Trauma and Terror

A sweeping sense of despair and hopelessness over the unjustifiable and heinous actions committed against the people and the intelligentsia of the times pervades the works of Akhmatova and the Mandelstams. The hopelessness comes from the systematic breaking down of the individual and their sanity, so that the persecuted are waiting for death to be granted to them as a kind of mercy and relief from their present reality.

In Akhmatova’s poems, as we have seen before, uses herself as her own muse and writes of herself in the third person, although to produce a different effect: here this intentional distancing and separation from herself allows for her to write about herself in more general terms, making her character able to encapsulate the plight of other individuals, artists or not. However on a deeper and physiological level, it is in itself a manifestation of trauma. Separating yourself from a traumatic incident is one coping mechanism, in which you are able to deny that it happened to you, imagining another separate entity to be victim of your history. This is exemplified in part III: “No this is not me – someone else suffers. / I couldn’t stand this: let black drapes / cover what happened…” However even this is confused throughout her writings, where her own identity bleeds through, making the identity of the victim unclear, proving that Akhmatova herself is the true inspiration for her works, in part II she writes:  “This woman is sick, / This woman is alone, / husband in the grave, son in prison, / pray for me.” The “me” at the very end betrays the woman’s identity.

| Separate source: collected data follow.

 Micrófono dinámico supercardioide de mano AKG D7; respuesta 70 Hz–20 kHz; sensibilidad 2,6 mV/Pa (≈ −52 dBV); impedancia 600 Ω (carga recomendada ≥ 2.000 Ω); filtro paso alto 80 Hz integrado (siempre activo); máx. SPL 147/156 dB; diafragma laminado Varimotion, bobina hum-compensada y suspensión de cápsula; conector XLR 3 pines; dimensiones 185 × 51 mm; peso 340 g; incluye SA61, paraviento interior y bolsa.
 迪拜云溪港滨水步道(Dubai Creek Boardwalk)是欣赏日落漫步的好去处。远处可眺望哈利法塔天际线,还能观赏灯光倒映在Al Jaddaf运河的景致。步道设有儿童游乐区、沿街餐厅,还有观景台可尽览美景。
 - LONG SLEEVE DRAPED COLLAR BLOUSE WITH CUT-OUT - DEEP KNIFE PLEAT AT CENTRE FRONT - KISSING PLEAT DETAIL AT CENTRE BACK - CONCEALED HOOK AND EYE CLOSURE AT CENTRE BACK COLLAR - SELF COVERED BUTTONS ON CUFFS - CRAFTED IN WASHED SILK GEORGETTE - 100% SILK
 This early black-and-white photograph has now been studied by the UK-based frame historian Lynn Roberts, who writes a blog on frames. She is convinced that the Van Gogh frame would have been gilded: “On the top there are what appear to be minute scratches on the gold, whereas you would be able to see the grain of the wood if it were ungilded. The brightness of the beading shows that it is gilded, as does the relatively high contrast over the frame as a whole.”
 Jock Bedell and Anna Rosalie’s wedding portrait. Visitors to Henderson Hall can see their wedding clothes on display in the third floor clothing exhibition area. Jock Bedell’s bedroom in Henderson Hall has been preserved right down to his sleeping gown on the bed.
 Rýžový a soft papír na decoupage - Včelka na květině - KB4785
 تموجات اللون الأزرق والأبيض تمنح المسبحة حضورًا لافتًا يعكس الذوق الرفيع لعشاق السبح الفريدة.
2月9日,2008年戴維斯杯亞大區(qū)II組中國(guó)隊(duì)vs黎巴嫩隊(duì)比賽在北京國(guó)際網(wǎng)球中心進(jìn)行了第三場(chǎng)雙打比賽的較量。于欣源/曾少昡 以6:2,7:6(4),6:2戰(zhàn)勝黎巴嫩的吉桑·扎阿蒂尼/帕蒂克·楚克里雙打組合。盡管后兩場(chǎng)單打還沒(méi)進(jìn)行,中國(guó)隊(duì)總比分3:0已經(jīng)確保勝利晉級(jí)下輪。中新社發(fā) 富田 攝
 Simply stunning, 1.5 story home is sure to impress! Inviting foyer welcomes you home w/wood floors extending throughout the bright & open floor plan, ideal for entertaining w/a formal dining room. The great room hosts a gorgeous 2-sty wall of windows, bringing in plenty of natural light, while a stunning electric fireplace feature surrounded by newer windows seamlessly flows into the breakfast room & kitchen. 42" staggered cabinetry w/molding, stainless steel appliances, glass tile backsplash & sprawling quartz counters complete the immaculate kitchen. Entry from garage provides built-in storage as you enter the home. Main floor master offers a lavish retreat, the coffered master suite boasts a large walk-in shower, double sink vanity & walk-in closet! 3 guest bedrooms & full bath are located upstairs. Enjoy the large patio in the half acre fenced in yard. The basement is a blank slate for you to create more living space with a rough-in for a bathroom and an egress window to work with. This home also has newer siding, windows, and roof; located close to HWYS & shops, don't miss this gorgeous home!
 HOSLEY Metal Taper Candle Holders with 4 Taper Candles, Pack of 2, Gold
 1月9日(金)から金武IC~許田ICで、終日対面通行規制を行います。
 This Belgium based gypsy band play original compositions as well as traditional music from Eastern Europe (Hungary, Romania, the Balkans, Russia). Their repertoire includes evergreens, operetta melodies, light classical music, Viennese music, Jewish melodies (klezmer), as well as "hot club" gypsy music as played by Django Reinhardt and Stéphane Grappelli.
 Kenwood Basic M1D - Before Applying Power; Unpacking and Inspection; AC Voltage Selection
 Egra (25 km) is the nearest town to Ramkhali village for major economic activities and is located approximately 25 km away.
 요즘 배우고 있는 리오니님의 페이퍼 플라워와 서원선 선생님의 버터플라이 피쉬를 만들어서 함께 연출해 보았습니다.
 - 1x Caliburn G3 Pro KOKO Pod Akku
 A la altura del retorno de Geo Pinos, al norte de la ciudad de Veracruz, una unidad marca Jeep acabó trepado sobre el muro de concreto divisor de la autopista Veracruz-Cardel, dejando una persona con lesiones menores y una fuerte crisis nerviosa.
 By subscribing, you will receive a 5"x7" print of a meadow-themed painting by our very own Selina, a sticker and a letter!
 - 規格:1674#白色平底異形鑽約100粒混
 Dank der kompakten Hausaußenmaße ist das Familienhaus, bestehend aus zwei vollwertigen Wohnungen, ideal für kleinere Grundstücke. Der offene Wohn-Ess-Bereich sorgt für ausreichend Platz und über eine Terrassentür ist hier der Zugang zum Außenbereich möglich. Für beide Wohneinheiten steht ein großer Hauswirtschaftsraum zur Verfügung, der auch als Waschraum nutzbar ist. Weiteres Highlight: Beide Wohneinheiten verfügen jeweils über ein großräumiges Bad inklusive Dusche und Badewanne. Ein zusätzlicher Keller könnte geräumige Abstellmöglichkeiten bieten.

A striking component of these writings was the separation of the individual from the outside world, and more specifically the separation from the family. As we see with Akhmatova, what haunts her throughout her imprisonment was the despair of knowing that the regime had killed her husband and had also imprisoned her son. The uncertainty of whether her son would live or die weighed greatly on her and brought her to the point of welcoming death. In Mandelstam’s writing, she wrote about the imprisonment of her husband and how the regime attempted to systematically break him down, by hindering his sleep patters, as well as potentially making him listen to the far off voice of a woman that in his delusional state thought was the voice of his wife. She writes this: “Methods like these are only possible when if a prisoner’s links to the world are broken from the moment of his arrest.” It was also shocking to witness the acceptance of their reality to the point where exiles were longer something to be afraid of since they were subject to them so frequently, and more surprising the attempt at committing suicide by slashing one’s wrist as “being the most natural thing in the world.” This, then is only one of the many effects of trauma produced by Stalin’s harsh regime.